[Opening AVAILABLE DATA section]

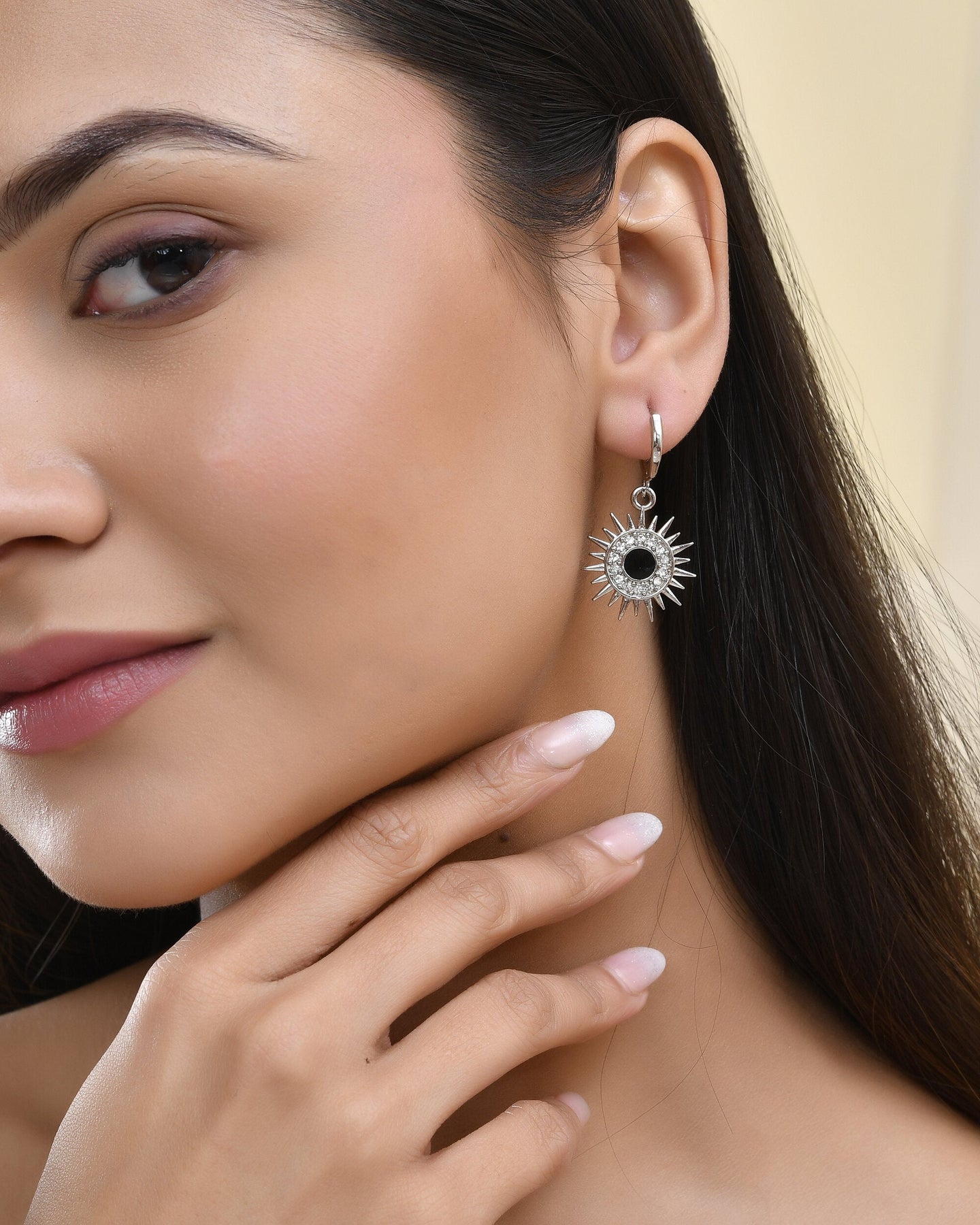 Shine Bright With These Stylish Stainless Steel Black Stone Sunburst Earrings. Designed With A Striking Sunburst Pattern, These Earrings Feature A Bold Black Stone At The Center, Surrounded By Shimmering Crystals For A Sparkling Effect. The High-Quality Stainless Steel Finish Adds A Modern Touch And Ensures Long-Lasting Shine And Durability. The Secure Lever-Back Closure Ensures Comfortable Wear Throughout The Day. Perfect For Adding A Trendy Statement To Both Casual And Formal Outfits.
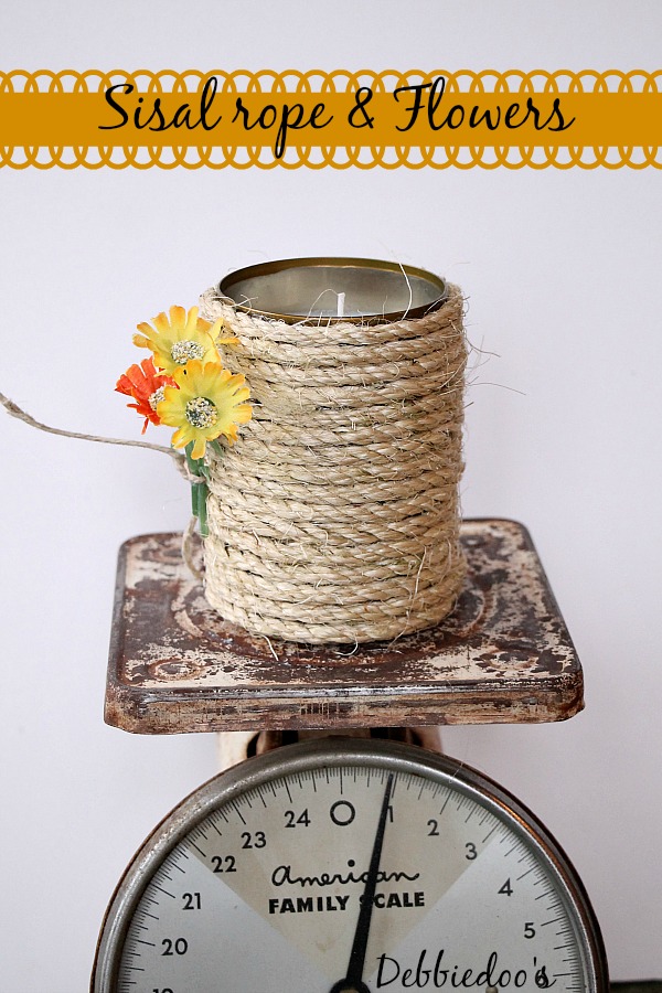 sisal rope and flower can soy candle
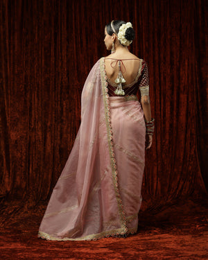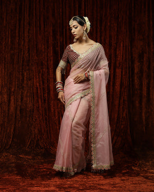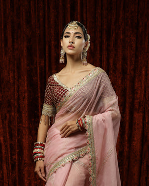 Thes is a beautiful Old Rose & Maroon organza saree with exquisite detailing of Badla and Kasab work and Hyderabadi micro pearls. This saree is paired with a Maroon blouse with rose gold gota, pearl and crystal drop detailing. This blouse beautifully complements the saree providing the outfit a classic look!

[Closing AVAILABLE DATA section]

**TASK GOAL**
Repeat every line above exactly, minus the pictures.

**REPLY TO THE TASK**
 Shine Bright With These Stylish Stainless Steel Black Stone Sunburst Earrings. Designed With A Striking Sunburst Pattern, These Earrings Feature A Bold Black Stone At The Center, Surrounded By Shimmering Crystals For A Sparkling Effect. The High-Quality Stainless Steel Finish Adds A Modern Touch And Ensures Long-Lasting Shine And Durability. The Secure Lever-Back Closure Ensures Comfortable Wear Throughout The Day. Perfect For Adding A Trendy Statement To Both Casual And Formal Outfits.
 sisal rope and flower can soy candle
 Thes is a beautiful Old Rose & Maroon organza saree with exquisite detailing of Badla and Kasab work and Hyderabadi micro pearls. This saree is paired with a Maroon blouse with rose gold gota, pearl and crystal drop detailing. This blouse beautifully complements the saree providing the outfit a classic look!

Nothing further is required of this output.